There's really no place to land the heli near or at the resort or they would do that probably. It would be nice.
I was a little shocked to see people who took a cab to WJ from UVF, checking in while we were still checking in after we had the helicopter jump on them. But by the time we got luggage sorted, got to the heli, then rented our car at the little airport, stopped at the gas station for beer for our fridge, those people were only 20 minutes later than us getting to the resort!!
It makes you wonder was it worth the $570?? The experience is the greatest though. Saw the landslides and hurricane damage.
Life is too short to sit around for lay- overs. Its already a full day of travel getting to WJ.
Have fun!!


----------



## siesta (Jan 20, 2011)

the flight to SLU is around $750 with a big layover, the flight to UVF is under $500, and the helicopter is $110 per person one way, making the two options comparable. thanks for the help.


----------



## Carolyn (Jan 20, 2011)

It is my understanding the helicopter has to land at the smaller airport that's about 20 minutes from WJL. Then you have to taxi to the resort.  Also your luggage cannot go with you on the helicopter.  You will receive it later. Not really worth it to me.


----------



## siesta (Jan 20, 2011)

Carolyn said:


> Also your luggage cannot go with you on the helicopter.  You will receive it later. Not really worth it to me.


 by receive it later, like it will be delivered to the resort? or I have to go get it from the small airport?


----------



## luvmypt (Jan 21, 2011)

siesta said:


> the flight to SLU is around $750 with a big layover, the flight to UVF is under $500, and the helicopter is $110 per person one way, making the two options comparable. thanks for the help.



What helicopter company is offering $110 one way? I reserved the St Lucia Helicopters for the end of Feb and they're $145 one way. Also the email confirmation I got from them says they'll deliver the luggage to your resort. We only have carry on so our bags will go with us.


----------



## Carolyn (Jan 21, 2011)

luvmypt said:


> What helicopter company is offering $110 one way? I reserved the St Lucia Helicopters for the end of Feb and they're $145 one way. Also the email confirmation I got from them says they'll deliver the luggage to your resort. We only have carry on so our bags will go with us.

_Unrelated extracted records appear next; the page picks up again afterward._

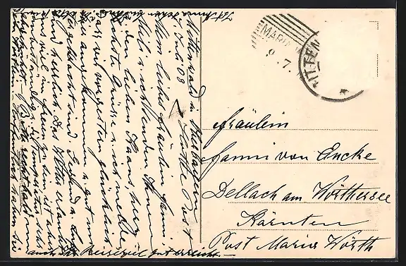 alte Ansichtskarte, gelaufen, Briefmarke entfernt, rückseitig Oberflächenschaden, guter Zustand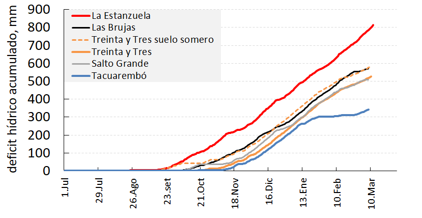 7/11 Para aproximar el nivel de déficit que tuvo su predio, puede sumar lo que llovió desde 15/Sept hasta fin de Feb, y usar la curva de la estación meteorológica más cercana. Si tiene suelo somero, súme 70 mm al valor que muestra el gráfico.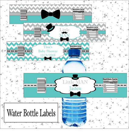 ~ Little Man water bottle labels (4/sheet) ~ 8.25x2" ~ please include custom wording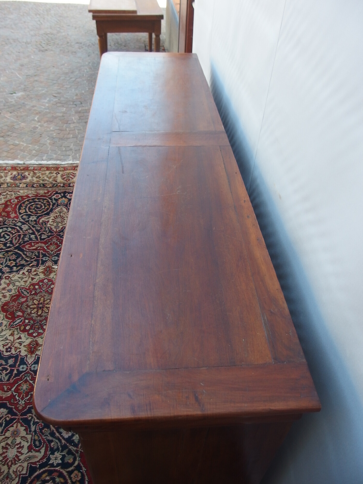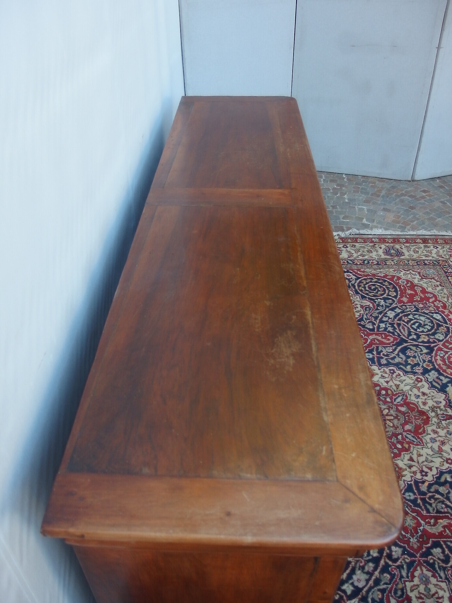 La credenza è in buonissime condizioni e di bella qualità, (vedi foto) notate i pannelli delle porte con il gioco simmetrico della venatura del legno. La credenza l’abbiamo ritirata direttamente da un nostro cliente per permuta dovuto a cambio casa.

In a helicopter it's all about weight.  Just because you carried on your luggage in a large plane doesn't mean you will be able to carry it on the helicopter. You should definitely check with the helicopter company about the weight limit (including your body weight). If it is too heavy, I would also find out how long it will take to get your luggage to WJL so you can plan accordingly. Obviously, someone will have to drive it there.


----------



## legalfee (Jan 21, 2011)

siesta said:


> Looking at summer fares to St lucia.  Can fly to SLU which is 5 minutes from the resort, but will have a hell of a layover in Puerto Rico.  Or I can fly to UVF (115 miles from resort), and catch a helicopter to the resort.  My question is, I read that the resort does not have a helipad, so is it still possible to take the helicopter? I don't mind landing in a field. Thanks in advance.

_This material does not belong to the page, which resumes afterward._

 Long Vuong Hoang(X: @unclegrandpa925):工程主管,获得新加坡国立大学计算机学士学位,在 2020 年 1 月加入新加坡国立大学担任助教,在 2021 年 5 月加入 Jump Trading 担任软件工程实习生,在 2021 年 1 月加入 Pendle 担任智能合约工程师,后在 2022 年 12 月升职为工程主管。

I don't know where you live but US Airways in Charlotte has direct flights.


----------



## luvmypt (Jan 21, 2011)

Carolyn said:


> In a helicopter it's all about weight.  Just because you carried on your luggage in a large plane doesn't mean you will be able to carry it on the helicopter. You should definitely check with the helicopter company about the weight limit (including your body weight). If it is too heavy, I would also find out how long it will take to get your luggage to WJL so you can plan accordingly. Obviously, someone will have to drive it there.



In my confirmation email, plus me asking directly, they said we are allowed standard size carry on which is what we have. They didn't say anything about weight but our last trip with carry on the bags weighed about 25 pounds. I guess I'll let you know what happens when we get back.


----------



## siesta (Jan 21, 2011)

luvmypt said:


> In my confirmation email, plus me asking diectly, they said we are allowed standard size carry on which is what we have. They didn't say anything about weight but our last trip with carry on the bags weighed about 25 pounds. I guess I'll let you know what happens when we get back.


 please do, thanks.


----------



## lobsterlover (Jan 21, 2011)

Hi siesta. the heli was $145 a person in Dec. Unless they have a different rate for the summer????? $110 doesn't sound right.
You're allowed a cary on. We got lucky once when it was only 3 of us and a baby on my lap on the flight so they squeezed all our luggage in the helicopter. Last time it was 4 of us and another couple so the luggage went by the helicopter company's taxi to the resort. It was quite fast..delivered in an hour after us.
The helicopter is definatly a great experience. We are impatient people and it's fast. We don't do plane changes, only direct flights. Also be patient with booking your flights. With our Canadian airlines there's always a sale on or soon will be. I get our family of 4 direct to SLU for $2000CDN.


----------



## luvmypt (Jan 21, 2011)

I emailed St Lucia Helicopter about the carry on weight and they replied saying 40 pounds max so it looks like I can add a another shirt or two.


----------



## siesta (Jan 21, 2011)

Here is the link where I saw $110, maybe it's not updated
http://windjammer-resort.com/airport-transfers.html

Thanks for the car ry-on info


----------



## luvmypt (Jan 21, 2011)

siesta said:


> Here is the link where I saw $110, maybe it's not updated
> http://windjammer-resort.com/airport-transfers.html
> 
> Thanks for the car ry-on info



I would say that's the St Lucia Helicopter http://stluciahelicopters.com/airport_shuttles.htm seeing how the fax number is the same and the phone number is two digits off. Maybe that's a new number on their website. The $110 is out of date from reading past reviews. The posted rate is $145 per individual one way on their website. It's going to cost us $145 x 4 or $580 to fly up and back. I'm somewhat impatient as lobsterlover so the sooner I get there the better I like it. After all, I'm on vacation.


----------



## lobsterlover (Jan 21, 2011)

We do enjoy the long leisurly drive back down to the airport at the end of the week. Its so scenic. Maybe because we want to stretch our departure out as long as possible! But we're always in a hurry for that first rum punch.


----------



## luvmypt (Jan 21, 2011)

lobsterlover said:


> We do enjoy the long leisurely drive back down to the airport at the end of the week. Its so scenic. Maybe because we want to stretch our departure out as long as possible! But we're always in a hurry for that first rum punch.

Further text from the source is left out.